Git Product home page Git Product logo

mime-detective's Introduction

Mime-Detective

Mime-Detective is a blazing-fast, low-memory file type detector for .NET. It uses Magic-Number and Magic-Word signatures to accurately identify over 14,000 different file variants by analyzing a raw stream or array of bytes. It also allows you to easily convert between file extensions and mime types.

How Does it Work?

Mime-Detective is a signature-based detection library that looks for patterns within the raw content of a file. Based on the presence (or absence) of certain bytes, most files can be accurately predicted. For example, every JPG file starts with 0xFFD8 FFE0 0010 4A46 4946 0001 0101 0047.

Limitations

Binary file work best because they often have an identifiable signature. Some file types, such as .txt files, have no identifying mark and may not be well predicted. Because of this, you may need to choose a fallback type if Mime-Detective is not able to predict the file type.

Getting Started

There are three main ways you can use Mime-Detective.

  • The Default definition pack which includes a very small set of detection rules.
  • The Condensed definition pack which includes an expanded set of detection rules.
  • The Exhaustive definition pack which includes over 14,000 detection rules.

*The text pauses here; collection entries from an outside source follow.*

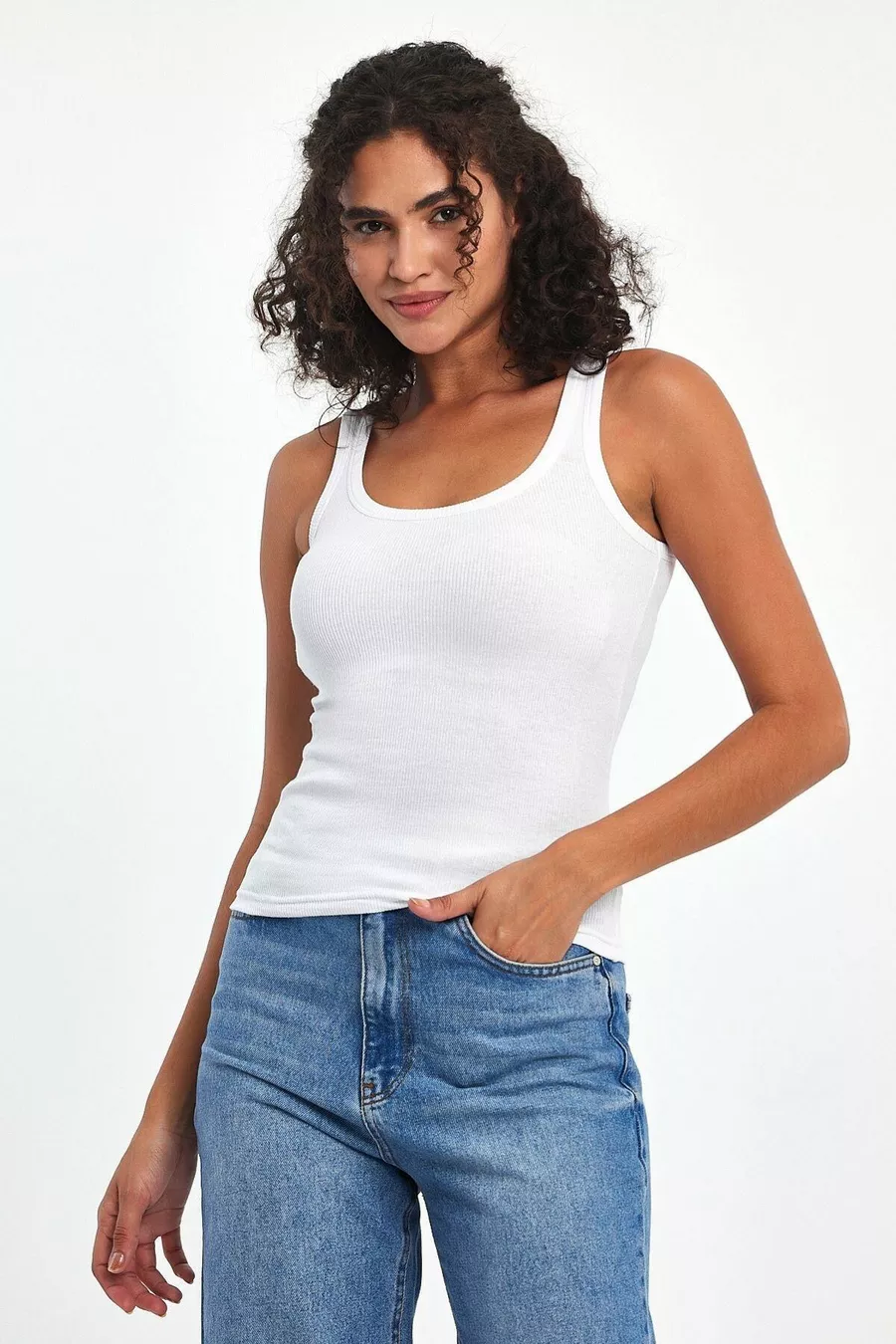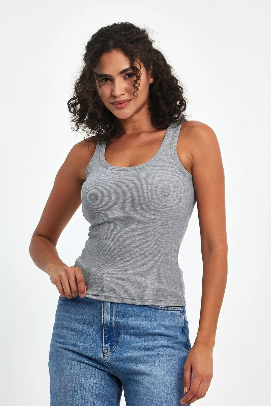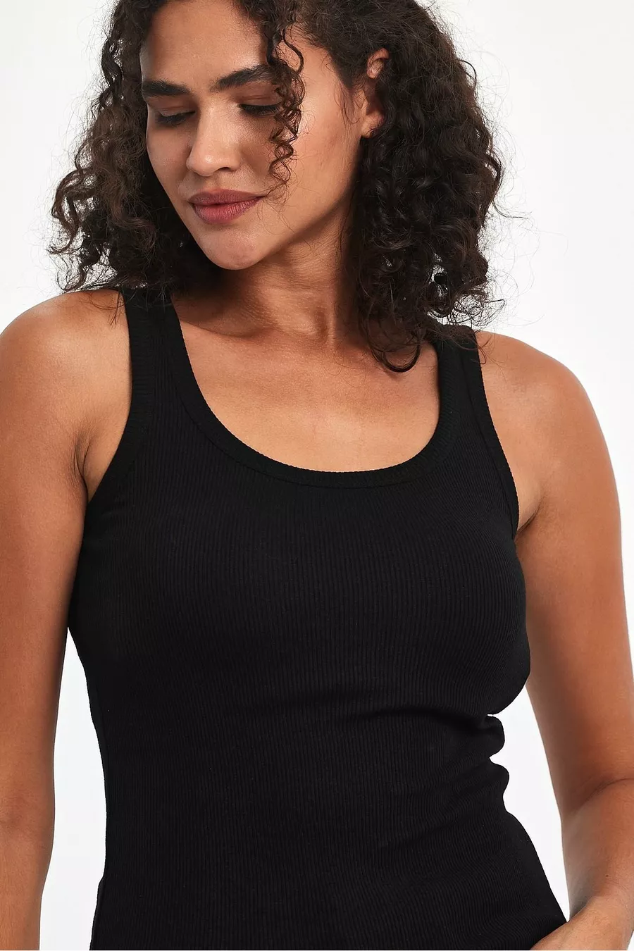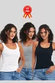 Canottiera da donna basic a tre pezzi, con spalline, in nero-bianco-grigio, effetto a coste, spessa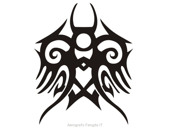 Il modello di tatuaggio aerografo raffigurato è messo in un rettangolo con una lunghezza di 6,5 x 8,5 cm di lato piu lungo. Il disegno di tatuaggio è adesivo e non può essere utilizzato più di una volta!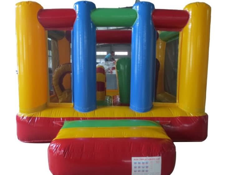 Our Rainbow castle has an open top and netted sides and is suitable for children under 1.2m tall. The netted sides give parents an all round view of activities taking place in the castle. Activities inside include biff and bash posts and a climb through hoop.

More information on these definitions is included toward the end of this file.

Installing from Nuget

Installing the Default (Small) Definition Pack

install-package Mime-Detective

Installing the Condensed (Medium) Definition Pack

install-package Mime-Detective
install-package Mime-Detective.Definitions.Condensed

Installing the Exhaustive (Large) Definition Pack

install-package Mime-Detective
install-package Mime-Detective.Definitions.Exhaustive

Create the ContentInspector

Create the Default ContentInspector

using MimeDetective;
var Inspector = new ContentInspectorBuilder() {
    Definitions = MimeDetective.Definitions.Default.All()
}.Build();

Create the Condensed ContentInspector

using MimeDetective;
var Inspector = new ContentInspectorBuilder() {
    Definitions = new Definitions.CondensedBuilder() {
        UsageType = Definitions.Licensing.UsageType.PersonalNonCommercial
    }.Build()
}.Build();

Create the Exhaustive ContentInspector

using MimeDetective;
var Inspector = new ContentInspectorBuilder() {
    Definitions = new Definitions.ExhaustiveBuilder() {
        UsageType = Definitions.Licensing.UsageType.PersonalNonCommercial
    }.Build()
}.Build();

Inspect Content

Once you have a ContentInspector you can use it to inspect a stream, file, or array of bytes:

var Results = Inspector.Inspect(ContentByteArray);
var Results = Inspector.Inspect(ContentStream);
var Results = Inspector.Inspect(ContentFileName);

Group Results by File Extension or Mime Type

var ResultsByFileExtension = Results.ByFileExtension();
var ResultsByMimeType = Results.ByMimeType();

Definition Packs

Definition packs make it easy to expand or limit the number of definitions that the Inspector will use. You can use one of the provided definition packs, create a limited subset of a definition pack, or create entirely new definition packs from scratch.

Default Definitions

The default definitions are included with the Mime-Detective nuget package and are located in the MimeDetective.Definitions.Default static class. You can create a copy of all definitions by calling MimeDetective.Definitions.Default.All() or just a limited subset by calling something like MimeDetective.Definitions.Default.FileTypes.Documents.All().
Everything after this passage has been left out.